Extracted entries -

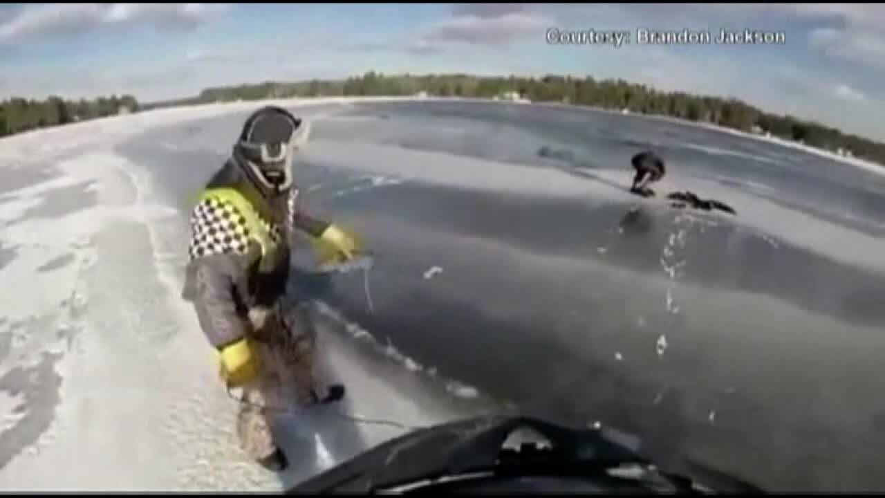 Saving a teen thrown off snowmobile, into freezing water at Maine lake
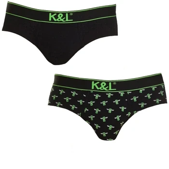 Kisses&Love Mens Pack 2 Slips Funny breathable fabric KL2007 man Black Size Medium
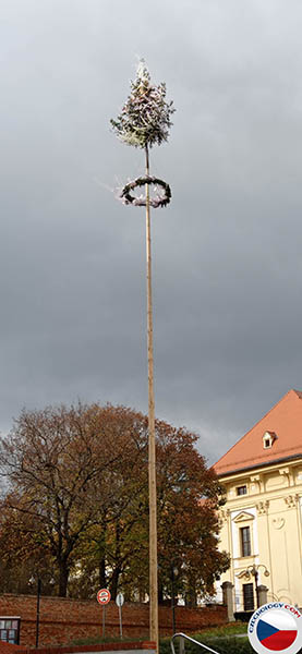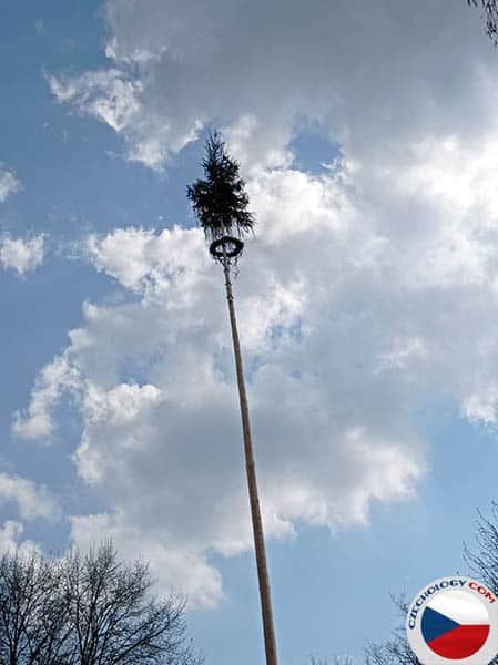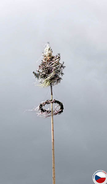Máje (Czech name for the Maypole) is a pole made from a conifer tree, less commonly also a birch tree. The tree has to be very tall and straight. The bark is peeled off, all the branches are cut, except for the very top of the tree. A green wreath is hung just below the top and the top as well the wreath are decorated with ribbons. The decorated tree is a symbol of spring and love. Sometimes smaller Maypoles are placed all over the village/town and earlier boys used to build them also in front of the houses of their girls.
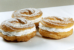 | H: そうだね。シュー生地の基本をしっかり思い出してと・・・・。今回は中にカスタードクリームの上にホイップクリームを絞って詰めてあるけど、クレーム・ディプロマットやチョコレート風味のクリームでもおいしそう!! |
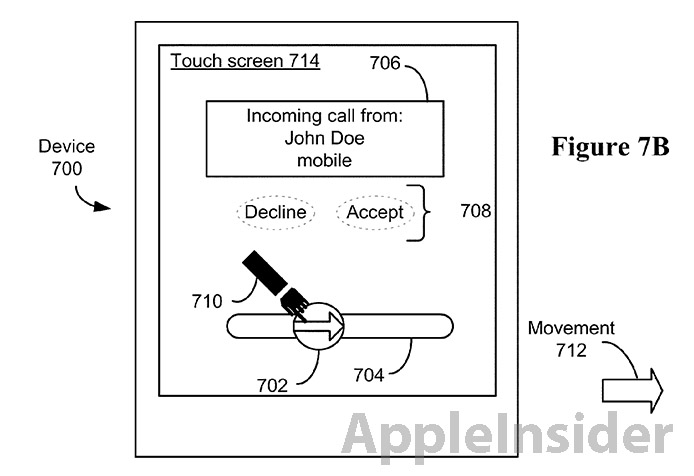 The newly-granted patent adds significant language to the ‘slide-to-unlock’ feature regarding what is displayed on screen after the unlock gesture is performed, adds the source. The filing details that an unlock gesture transitions from one application to another, for example, from a telephone application to a music player or vice versa. The lock/unlock feature may however apply to specific applications that are executing on the device, as opposed to the device as a whole.
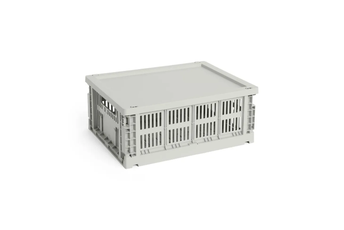 Denne praktiske opbevaringskasse fra HAY kombinerer smart design med gennemtænkt funktionalitet. Med et karakteristisk gittermønster på siderne og bunden sikrer kassen både god ventilation og stabilitet i din daglige brug.

What needs to be done -
Please output every record above exactly as written, leaving out the pictures.

Response to the exercise -
 Saving a teen thrown off snowmobile, into freezing water at Maine lake
 Kisses&Love Mens Pack 2 Slips Funny breathable fabric KL2007 man Black Size Medium
Máje (Czech name for the Maypole) is a pole made from a conifer tree, less commonly also a birch tree. The tree has to be very tall and straight. The bark is peeled off, all the branches are cut, except for the very top of the tree. A green wreath is hung just below the top and the top as well the wreath are decorated with ribbons. The decorated tree is a symbol of spring and love. Sometimes smaller Maypoles are placed all over the village/town and earlier boys used to build them also in front of the houses of their girls.
 | H: そうだね。シュー生地の基本をしっかり思い出してと・・・・。今回は中にカスタードクリームの上にホイップクリームを絞って詰めてあるけど、クレーム・ディプロマットやチョコレート風味のクリームでもおいしそう!! |
 The newly-granted patent adds significant language to the ‘slide-to-unlock’ feature regarding what is displayed on screen after the unlock gesture is performed, adds the source. The filing details that an unlock gesture transitions from one application to another, for example, from a telephone application to a music player or vice versa. The lock/unlock feature may however apply to specific applications that are executing on the device, as opposed to the device as a whole.
 Denne praktiske opbevaringskasse fra HAY kombinerer smart design med gennemtænkt funktionalitet. Med et karakteristisk gittermønster på siderne og bunden sikrer kassen både god ventilation og stabilitet i din daglige brug.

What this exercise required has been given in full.